PROBLEM DESCRIPTION
From the entries that follow, copy exactly the lines beginning at the line holding "BRZDA PRO VÍCENÁSOBNÉ KOLIZE (MCB)" and continuing through the line holding "旅と雑貨が好きなバイヤー自ら".

[[ RECORDS PROVIDED open ]]

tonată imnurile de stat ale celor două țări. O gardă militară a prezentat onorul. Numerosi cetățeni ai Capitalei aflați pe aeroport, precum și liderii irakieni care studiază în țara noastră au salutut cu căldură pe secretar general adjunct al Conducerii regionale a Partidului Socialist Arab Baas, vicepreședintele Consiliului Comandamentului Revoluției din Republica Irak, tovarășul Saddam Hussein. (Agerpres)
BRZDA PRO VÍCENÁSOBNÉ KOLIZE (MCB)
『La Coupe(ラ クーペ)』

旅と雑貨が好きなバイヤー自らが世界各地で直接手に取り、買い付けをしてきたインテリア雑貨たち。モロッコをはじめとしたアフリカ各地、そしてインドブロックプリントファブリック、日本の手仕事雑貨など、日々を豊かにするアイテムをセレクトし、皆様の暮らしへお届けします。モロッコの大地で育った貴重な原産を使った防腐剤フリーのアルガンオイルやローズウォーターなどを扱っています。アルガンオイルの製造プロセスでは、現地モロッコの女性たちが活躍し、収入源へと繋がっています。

[[ RECORDS PROVIDED closed ]]
[[ RECORDS PROVIDED open ]]

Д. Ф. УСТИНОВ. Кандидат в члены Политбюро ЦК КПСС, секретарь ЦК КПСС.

[[ RECORDS PROVIDED closed ]]
[[ RECORDS PROVIDED open ]]

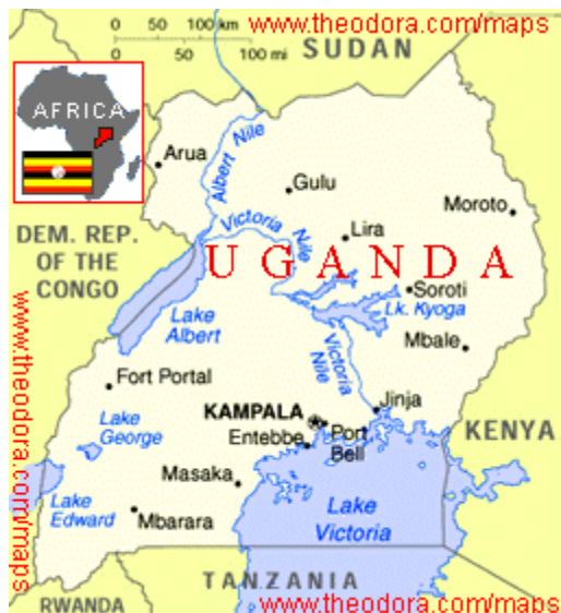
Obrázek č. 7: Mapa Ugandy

[[ RECORDS PROVIDED closed ]]

SOLVED EXERCISE
BRZDA PRO VÍCENÁSOBNÉ KOLIZE (MCB)
『La Coupe(ラ クーペ)』

旅と雑貨が好きなバイヤー自らが世界各地で直接手に取り、買い付けをしてきたインテリア雑貨たち。モロッコをはじめとしたアフリカ各地、そしてインドブロックプリントファブリック、日本の手仕事雑貨など、日々を豊かにするアイテムをセレクトし、皆様の暮らしへお届けします。モロッコの大地で育った貴重な原産を使った防腐剤フリーのアルガンオイルやローズウォーターなどを扱っています。アルガンオイルの製造プロセスでは、現地モロッコの女性たちが活躍し、収入源へと繋がっています。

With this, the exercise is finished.